Spring
Ah, Spring! New life! New love! New possibilities! So many songs and poems and stories and paintings have been created based on the promise of renewal that spring brings. And rightly so! The snow and ice (though beautiful in their own right) are melting away to make room for buds and shoots and sprouts and all things green and growing. We get to plant fresh gardens and watch them grow, kind of like having emergency towing companies in Norfolk VA haul away the old to make room for the new. We get to watch flowers open their petals, tentatively, for the first time, and maybe, if we’re very lucky, we’ll have a little family of birds or rabbits in our yard, who will allow us to watch them grow up.
And what better things to take pictures of than little birdlings! Of course, you can’t get too close. Mama bird wouldn’t like that very much, I think. Even if you can’t get close to the birds themselves, though, with any luck, maybe a few eggshells will fall out of the nest when the birds are hatching. Some of those little eggs, especially from robins, make for absolutely beautiful pictures, pictures that can really capture the promise of new life that spring brings to us. What’s more spring-like than evidence of birth?
And the same vein, pictures of budding branches are some of my absolute favourites. Bonus points if you can get water from recently-melted snow or ice dripping off the branch! Or even better, some snow still clinging on. And I know you may be thinking that kind of picture exists all over the Internet, it’s been taken before, blah blah, and yes, you’re right. It’s the same as the summer sunset issue that we faced in the other post. So, I give you the same advice. Make it your own! Don’t just take a picture of any branch, take a picture of a branch outside your house, so that it features in the background.

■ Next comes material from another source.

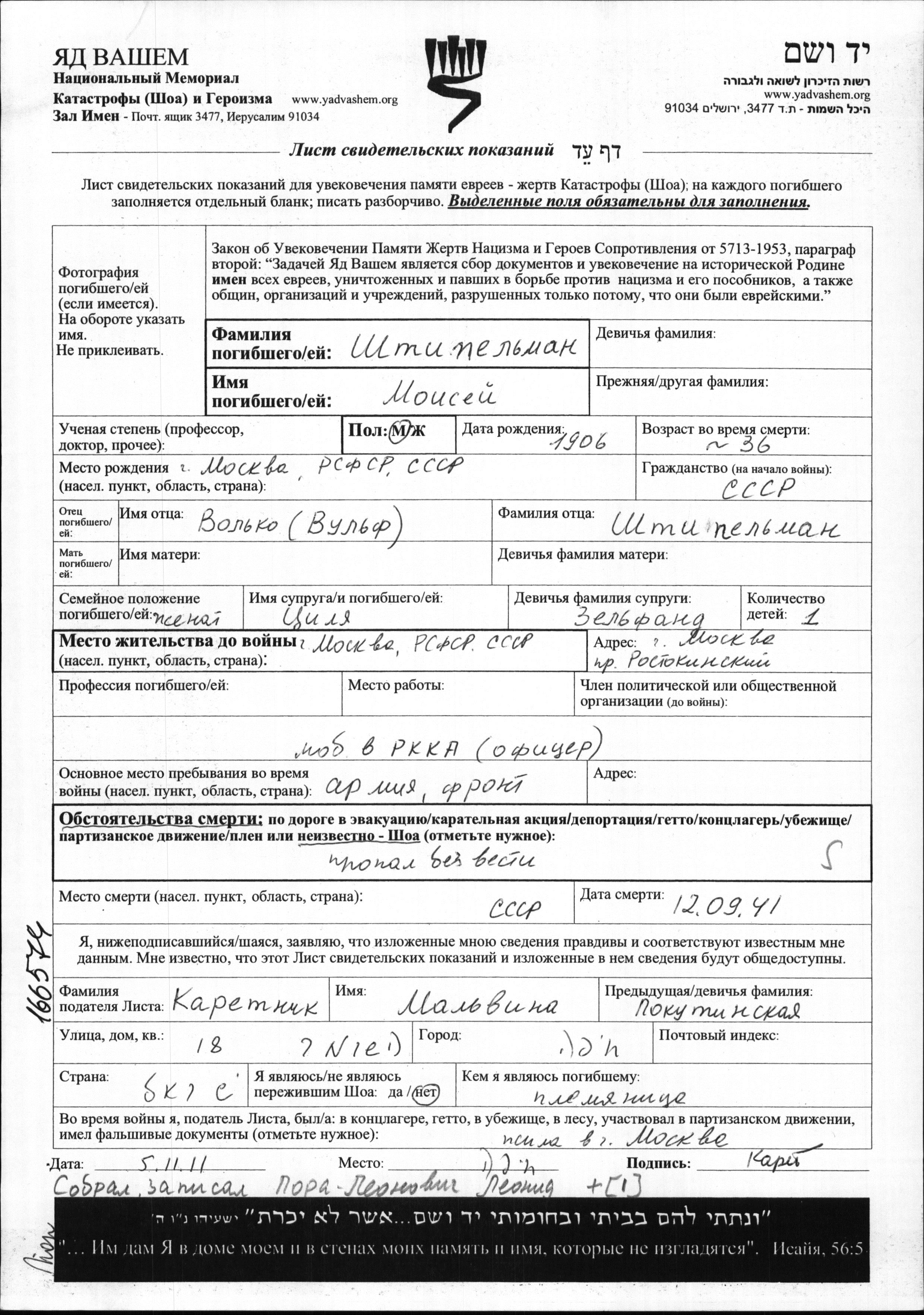 Moisey Shtipelman wurde im Jahr 1906 in Moskva, Russland (UdSSR) geboren. Er war der Sohn von Volko. Er war mit Tzilya, geb. Zelfand Verheiratet. Vor dem Zweiten Weltkrieg lebte er in Moskva, Russland (UdSSR). Während des Krieges war er in die Sowjetischen Streitkräfte.

Or have one of your friends hold it, or be peeking out from behind it, so that you can not only have a beautiful, spring-themed photograph, but you can have a very personalized beautiful spring-themed photograph. And you can pretty much guarantee that there isn’t a duplicate out there. If there is, depending on what you decided to have in the background, that might be a little unsettling. Maybe you should look into that further. Just a casual thought. Don’t read too much into it.
Finally, one more of my favourite things about spring is melting brooks. I know, what? But hear me out. You know, when you’re walking down a forest path in the spring, for me, at least, one of first tell tale signs that winter is melting away is that I can hear the running water of little streams trickling somewhere in the forest. If you’re lucky, they might just cross your path. Snap a picture of those streams; usually, the contrast in those pictures is so beautiful. There’s still some snow, likely, perhaps still even some ice hanging on at the banks, or still formed on top of the running water. And then there’s sloshy mud, a sure sign of winter’s departure. The best, though, is if you can find little buds peeking up through the snow beside the stream. That’s the perfect picture.